Al doblar la esquina, El Simio estaba ahí, como cada
mañana, con sus halcones. Era la única parte del trayecto que Elvira odiaba al
ir a su trabajo: por desgracia la calle era la salida y entrada a la colonia,
así que, para ir al libramiento a tomar el pesero, debía cruzarla. Era inútil
tratar de evadirlos; la acechaban. Al
verla venir, los cinco se distribuyeron a ambos lados de la entrada –un enorme
arco, lleno de cicatrices de incontables balaceras, que se caía a pedazos– y luego
la abordaron con “¡Mamacita, qué buenas tetas!”, “¡Qué buen culo!”, sitios a los
cuales las manos acudieron obscenas, tumultuosas, sudorosas.
Elvira
se volvió un remolino de jalones, gritos y bolsazos que la libraron del ataque.

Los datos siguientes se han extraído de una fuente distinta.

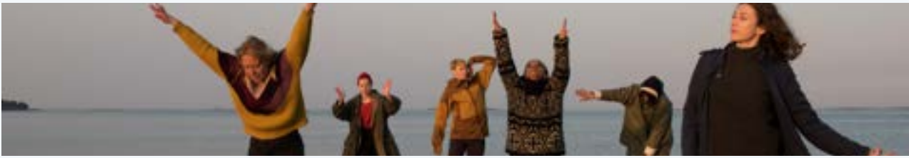
Täydenkuun Tanssit -festivaali

Entonces la pandilla estalló en un alboroto de carcajadas. El Simio se adelantó,
sacó una pistola y con la otra mano, desafiante, se agarró los genitales,
mostrándole la lengua.
—Con pistola son muy valientes —le dijo una voz de anciano,
cargada de odio e impotencia. Elvira no la pudo reconocer en la oscuridad de la
mañana.
La
madrugada siguiente, Elvira despertó tirándose al piso por el bramido de una
metralleta disparada frente a su casa. De pronto se encontró en medio de una
confusión de vidrios rotos, gritos, disparos, todos los perros de la colonia y,
a lo lejos, hacia la temida entrada, granadazos. Se arrastró hasta la sala y se
quedó junto a la puerta de la vivienda.
—¡Ahí vienen los marinos! —lloró afuera, con espanto, una
voz joven cuyo horror se repitió en las de otros huercos.
Luego
el corredero. Los delincuentes huían hacia el fondo del fraccionamiento
mientras otros tocaban las puertas de las casas, pidiendo ayuda.
—¡Por
amor de Dios, ábranme! —rogó la de El Simio ante la de Elvira—. ¡Ábranme estoy
herido! —tocaba desesperado.
Elvira
vio la sombra de El Simio en la rendija bajo la puerta: estaba bocabajo, en el
piso. Por un instante, el instinto de piedad casi la convence de abrir. Luego
vio la silueta de alguien que se acercó, de pie. El Simio se volteó.
—¡No
dispare! ¡Estoy herido! ¡Estoy herido!
—Yo te voy a dar tu medicina, cabrón —dijo
la voz marcial—. Con pistola son muy valientes, ¿verdad? —Luego
se escuchó un disparo—. Llévense a este pendejo —dijo—. Ya lo curé.
Varias sombras arrastraron el cuerpo de El
Simio. Luego un chorro de agua lavó la sangre del piso.